Underlying those agreements is the so-called Restated Alliance Master Agreement, which lays out the foundation for cooperation and the rights of the partners. The contents of the roughly 30-page document are a closely guarded secret to all but a handful of executives and support staff.
On Monday, as Renault directors prepared to vote on the merger, Mr. Saikawa said it "would require a fundamental review of the existing relationship between Nissan and Renault."
In Paris, the comments had a chilling effect. "We had the statement from Mr. Saikawa who wasn't expressing support for the operation. Quite the opposite," one French official said.
While the French government worried about mixed signals from Japan, Fiat Chrysler read them in a positive light. Mr. Elkann, determined to secure agreement for his merger with Renault, believed Nissan was open-minded about it and that details affecting Nissan could be sorted out later.
Mr. Saikawa privately told Mr.
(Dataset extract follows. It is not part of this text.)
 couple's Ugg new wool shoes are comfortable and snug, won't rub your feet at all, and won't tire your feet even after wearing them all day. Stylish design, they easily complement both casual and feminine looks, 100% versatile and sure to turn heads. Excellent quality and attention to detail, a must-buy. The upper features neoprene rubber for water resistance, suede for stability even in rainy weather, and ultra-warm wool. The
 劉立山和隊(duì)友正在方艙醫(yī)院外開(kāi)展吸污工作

Senard that Nissan's representatives at Renault would be unlikely to support the merger at a board meeting Tuesday to approve the deal.
The day of the meeting, Patrick Pelata, Renault's former chief operating officer, sent 10 board members an email warning them that a merger would put the French auto maker's relationship with Nissan in jeopardy.
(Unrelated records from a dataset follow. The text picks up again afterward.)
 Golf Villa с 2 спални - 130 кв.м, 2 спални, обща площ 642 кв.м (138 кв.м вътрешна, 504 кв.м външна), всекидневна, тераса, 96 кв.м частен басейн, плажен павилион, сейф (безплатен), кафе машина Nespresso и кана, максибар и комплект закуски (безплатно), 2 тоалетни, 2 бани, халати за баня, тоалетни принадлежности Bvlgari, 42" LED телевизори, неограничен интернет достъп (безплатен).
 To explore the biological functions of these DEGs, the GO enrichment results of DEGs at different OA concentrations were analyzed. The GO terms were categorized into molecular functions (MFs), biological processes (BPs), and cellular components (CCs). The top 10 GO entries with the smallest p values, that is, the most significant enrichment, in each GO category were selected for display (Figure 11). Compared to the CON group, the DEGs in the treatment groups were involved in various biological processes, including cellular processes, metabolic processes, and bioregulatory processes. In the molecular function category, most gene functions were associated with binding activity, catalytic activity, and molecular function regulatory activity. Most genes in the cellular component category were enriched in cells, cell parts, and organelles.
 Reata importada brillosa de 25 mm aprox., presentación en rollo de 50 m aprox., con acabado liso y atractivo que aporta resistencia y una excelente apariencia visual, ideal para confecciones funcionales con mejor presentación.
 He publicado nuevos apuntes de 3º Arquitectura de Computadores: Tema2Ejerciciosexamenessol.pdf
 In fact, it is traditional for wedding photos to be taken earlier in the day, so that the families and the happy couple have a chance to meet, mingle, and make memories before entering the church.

When the board convened hours later, the French state and Mr. Elkann were still negotiating over the government's demands for job guarantees and other measures to safeguard Renault's future in France.
Instead of confronting the major hurdles facing the deal, the Renault board discussed the findings of an internal investigation into Mr. Ghosn's spending at the helm of the alliance.
The meeting ended with neither a vote nor any mention of Nissan's stance on the merger, according to people familiar with the matter.
The next day, Fiat Chrysler thought it had won the French state's support for the deal. It offered several concessions to meet Paris's concerns, including guaranteed representation for France on the combined company's board.
When the Renault board convened for a second time, at 6 p.m. on Wednesday, the Japanese question hovered over the discussion.